→ **PROBLEM TO SOLVE**:
Pictures stay out of the copy, which must hold exactly the lines from the one containing "Création d’une tribune" through the end of the material below.

Segment Start: SUPPLIED INFORMATION

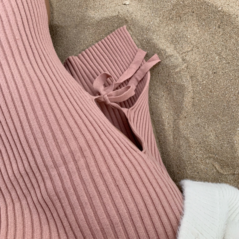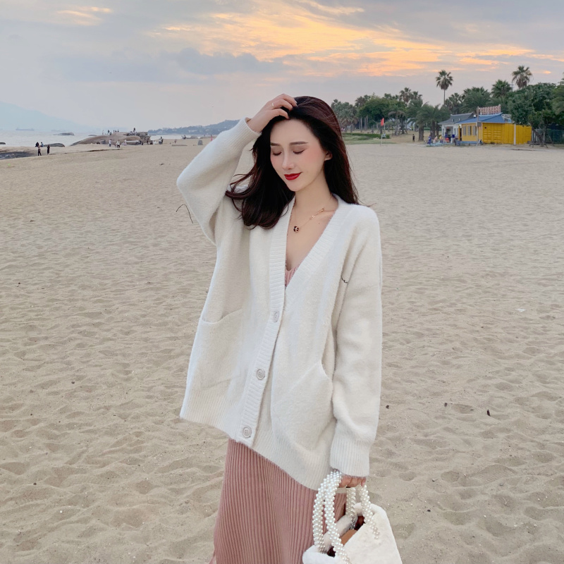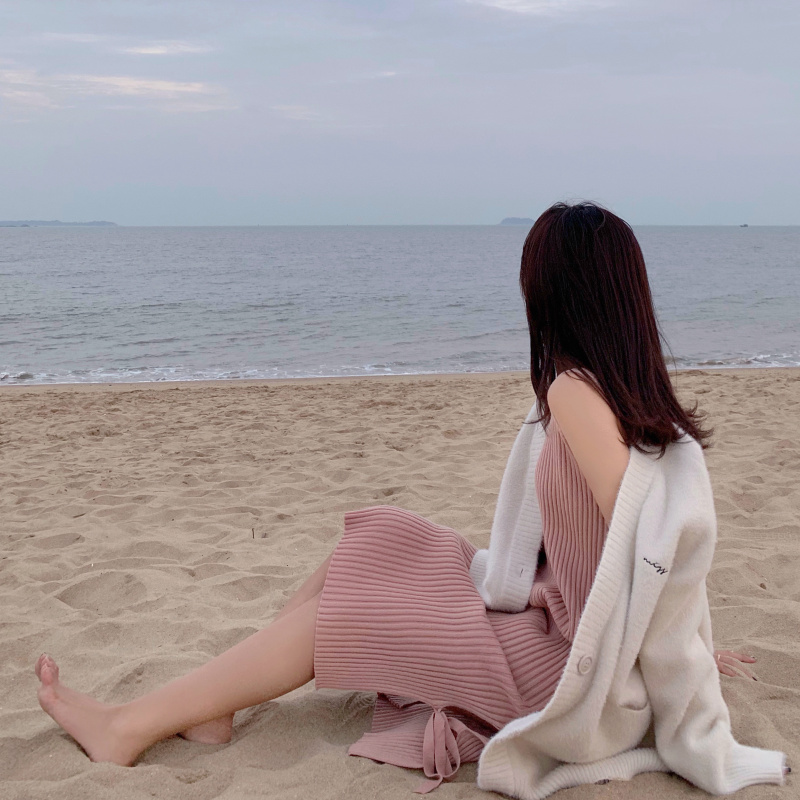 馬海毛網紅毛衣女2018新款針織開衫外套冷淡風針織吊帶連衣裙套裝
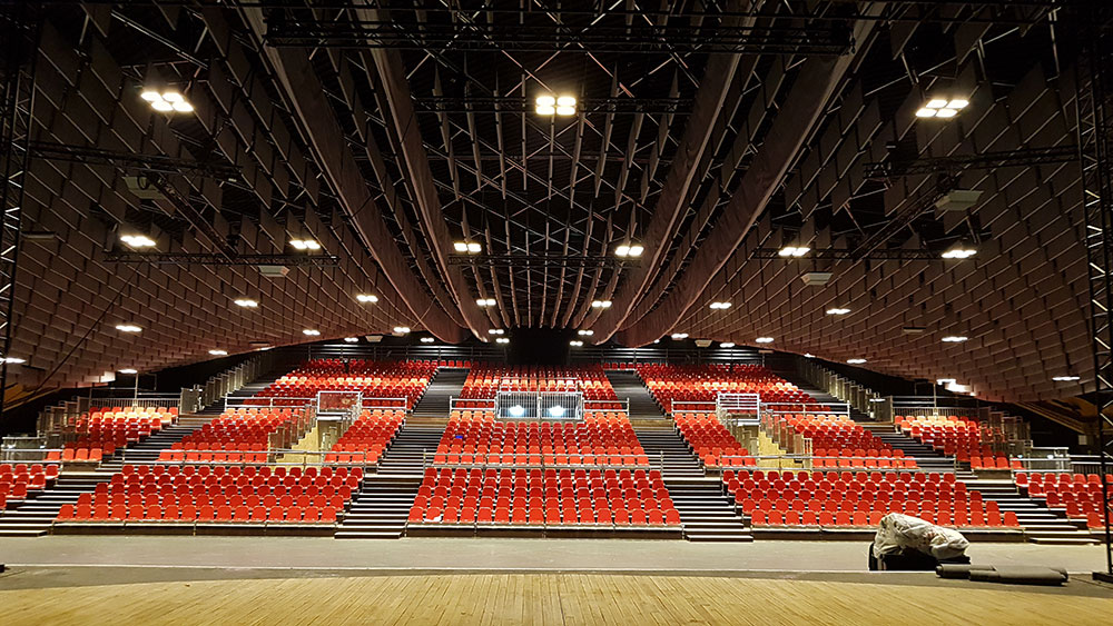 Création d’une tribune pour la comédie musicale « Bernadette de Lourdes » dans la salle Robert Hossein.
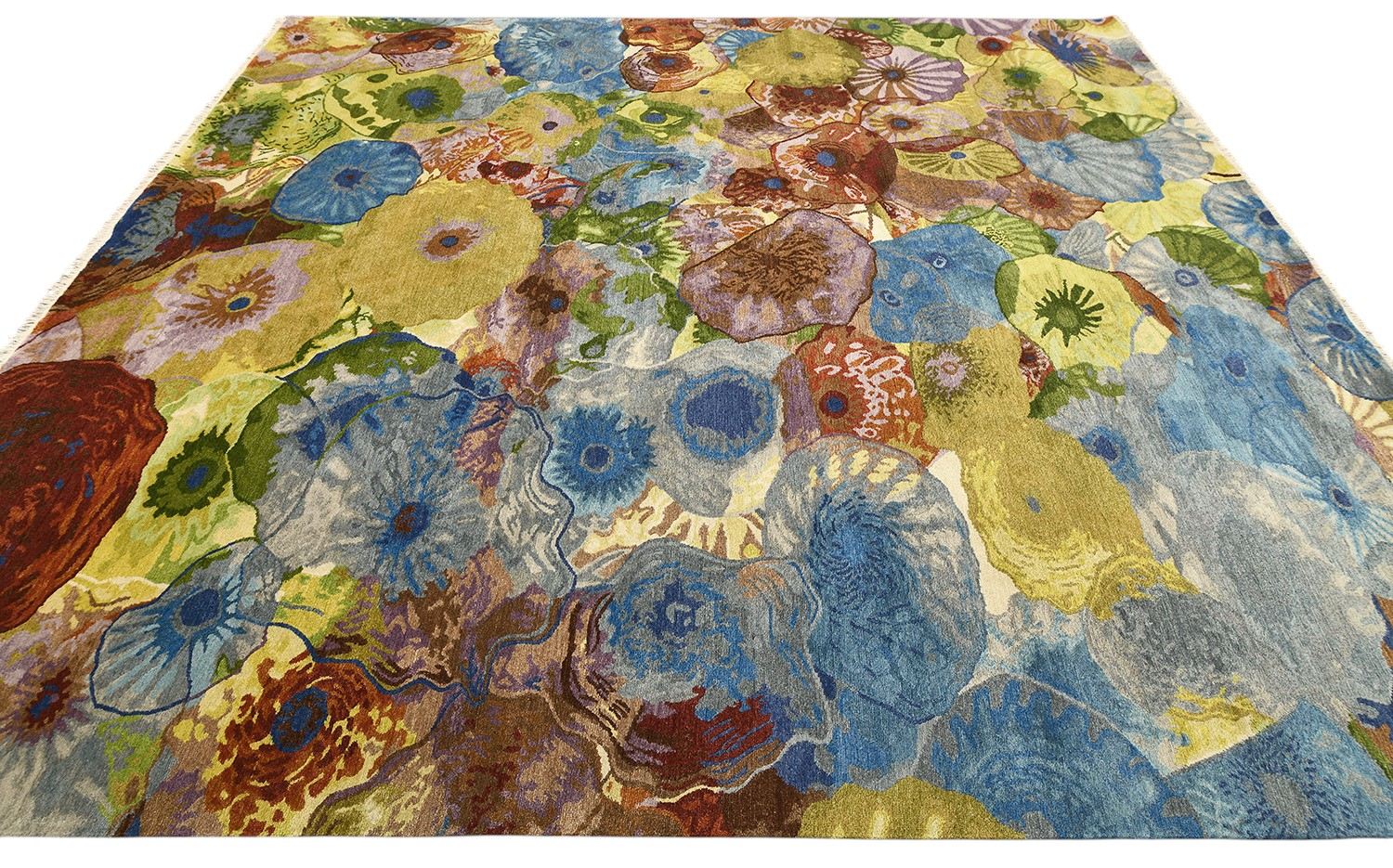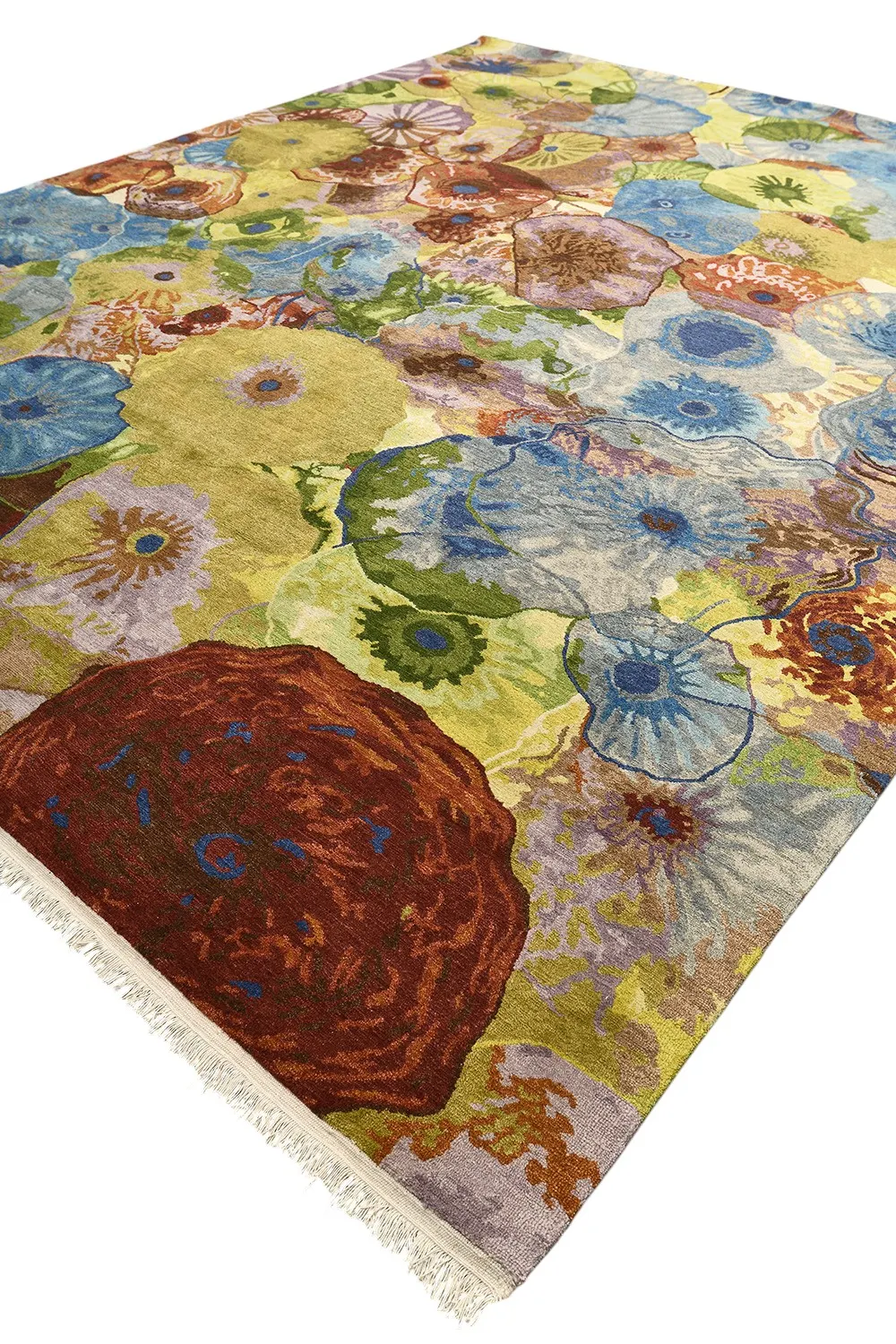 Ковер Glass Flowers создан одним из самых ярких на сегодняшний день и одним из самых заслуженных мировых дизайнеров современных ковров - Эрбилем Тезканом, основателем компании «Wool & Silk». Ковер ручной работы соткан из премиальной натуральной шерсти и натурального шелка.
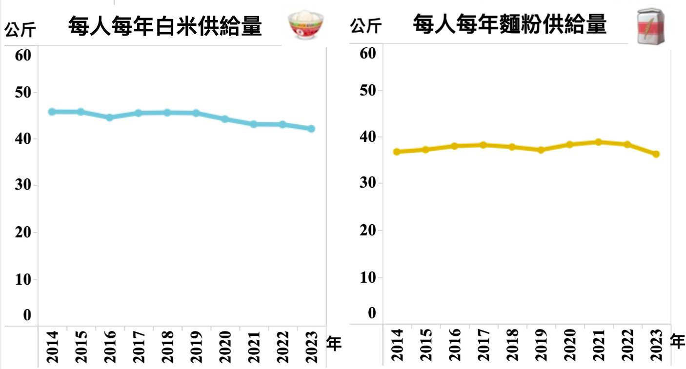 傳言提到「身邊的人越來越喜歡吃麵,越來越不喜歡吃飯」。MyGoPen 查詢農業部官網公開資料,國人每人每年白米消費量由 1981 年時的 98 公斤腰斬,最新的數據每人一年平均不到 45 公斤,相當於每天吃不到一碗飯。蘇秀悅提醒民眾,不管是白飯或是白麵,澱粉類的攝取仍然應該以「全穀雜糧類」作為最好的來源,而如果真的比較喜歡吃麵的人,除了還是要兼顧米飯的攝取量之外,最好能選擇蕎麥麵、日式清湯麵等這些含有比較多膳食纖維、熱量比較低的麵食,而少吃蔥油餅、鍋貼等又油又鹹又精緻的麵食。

Segment End: SUPPLIED INFORMATION

→ **COMPLETED TASK**:
 Création d’une tribune pour la comédie musicale « Bernadette de Lourdes » dans la salle Robert Hossein.
 Ковер Glass Flowers создан одним из самых ярких на сегодняшний день и одним из самых заслуженных мировых дизайнеров современных ковров - Эрбилем Тезканом, основателем компании «Wool & Silk». Ковер ручной работы соткан из премиальной натуральной шерсти и натурального шелка.
 傳言提到「身邊的人越來越喜歡吃麵,越來越不喜歡吃飯」。MyGoPen 查詢農業部官網公開資料,國人每人每年白米消費量由 1981 年時的 98 公斤腰斬,最新的數據每人一年平均不到 45 公斤,相當於每天吃不到一碗飯。蘇秀悅提醒民眾,不管是白飯或是白麵,澱粉類的攝取仍然應該以「全穀雜糧類」作為最好的來源,而如果真的比較喜歡吃麵的人,除了還是要兼顧米飯的攝取量之外,最好能選擇蕎麥麵、日式清湯麵等這些含有比較多膳食纖維、熱量比較低的麵食,而少吃蔥油餅、鍋貼等又油又鹹又精緻的麵食。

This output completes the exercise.